The Union of Concerned Scientists predicts that the growing season may lengthen by three to six weeks by the end of the century.

Crop prices will fall dramatically, then increase

The IPCC predicts that worldwide agricultural prices will change dramatically as our climate changes.

• Increases of up to 3.6 degrees Fahrenheit will mean a 10-30% drop in agriculture prices.
• Temperature change of 3.6 to 5.4 degrees mean that agriculture prices could fall as much as 10% or rise as much as 20%.
• A 5.4- to 9-degree change could raise crop and livestock prices by 10-40%.

Corn yields will increase, then decrease

Many conflicting ideas exist about what will happen to various crops. The general consensus is that corn will initially benefit from small degrees of warming, but will suffer at higher temperatures. Illinois temperatures are below the maximum temperature range for growing corn, but corn is very sensitive to drought and heat waves during a phase called tasseling, when the corn ears blossom.
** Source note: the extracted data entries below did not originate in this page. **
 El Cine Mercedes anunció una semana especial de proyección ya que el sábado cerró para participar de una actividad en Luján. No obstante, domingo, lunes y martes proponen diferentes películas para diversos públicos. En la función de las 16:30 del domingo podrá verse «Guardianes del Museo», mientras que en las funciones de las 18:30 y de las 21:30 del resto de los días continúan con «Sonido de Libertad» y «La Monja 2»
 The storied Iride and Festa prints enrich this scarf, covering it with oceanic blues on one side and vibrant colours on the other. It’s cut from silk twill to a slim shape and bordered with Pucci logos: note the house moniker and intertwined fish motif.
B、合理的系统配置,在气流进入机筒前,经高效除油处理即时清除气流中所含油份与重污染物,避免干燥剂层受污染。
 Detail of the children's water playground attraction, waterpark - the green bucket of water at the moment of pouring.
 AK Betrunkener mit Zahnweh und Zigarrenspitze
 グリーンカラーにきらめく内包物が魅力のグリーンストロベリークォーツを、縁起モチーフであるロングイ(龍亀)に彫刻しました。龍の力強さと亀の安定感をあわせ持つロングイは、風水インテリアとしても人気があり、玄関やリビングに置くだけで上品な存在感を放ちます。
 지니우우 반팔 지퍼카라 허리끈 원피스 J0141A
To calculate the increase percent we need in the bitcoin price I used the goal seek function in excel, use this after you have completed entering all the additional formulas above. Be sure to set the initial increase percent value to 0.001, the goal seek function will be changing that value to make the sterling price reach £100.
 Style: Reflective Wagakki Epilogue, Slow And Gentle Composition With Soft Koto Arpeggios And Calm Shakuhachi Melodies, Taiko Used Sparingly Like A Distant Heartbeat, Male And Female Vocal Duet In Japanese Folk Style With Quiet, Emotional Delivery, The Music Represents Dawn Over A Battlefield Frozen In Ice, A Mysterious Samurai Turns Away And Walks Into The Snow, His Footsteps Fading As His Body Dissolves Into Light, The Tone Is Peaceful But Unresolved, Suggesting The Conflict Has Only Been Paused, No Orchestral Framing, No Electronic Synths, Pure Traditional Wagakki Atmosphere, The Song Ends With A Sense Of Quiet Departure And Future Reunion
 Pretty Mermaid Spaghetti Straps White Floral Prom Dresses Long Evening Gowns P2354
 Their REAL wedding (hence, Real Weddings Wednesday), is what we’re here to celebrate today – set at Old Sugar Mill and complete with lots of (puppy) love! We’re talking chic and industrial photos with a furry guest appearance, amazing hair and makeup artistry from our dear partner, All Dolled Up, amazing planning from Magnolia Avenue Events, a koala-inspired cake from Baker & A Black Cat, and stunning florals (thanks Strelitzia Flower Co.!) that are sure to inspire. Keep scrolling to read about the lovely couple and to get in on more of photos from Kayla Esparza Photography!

Various thoughts about the effects of heat on corn include:

• University of Illinois professor Donald Ort predicts that corn will tolerate climate change much better than soy.
• University of Illinois Carl Bernacchi also predicts that corn yields will increase with warming, but cautions that a dry spell during tasseling can be fatal. Corn already requires more water than falls during the growing season, he explained.
• Bernacchi also explained that researchers are working very hard to make corn more resistant during its tasseling period.
• David Lobell and Gregory Asner conducted a study in 2003 that showed that every 1.8 degree Fahrenheit temperature increase would decrease both corn and soy yields by 8.3%.
• The optimum temperature range for corn to reproduce is 64 to 72 degrees; crops begin to fail at 95-degree temperatures, but we don't know how long they need to be exposed before failure.

The IPCC estimates the effects of specifc temperatures for corn production at mid- and high-lattitudes, such as Illinois.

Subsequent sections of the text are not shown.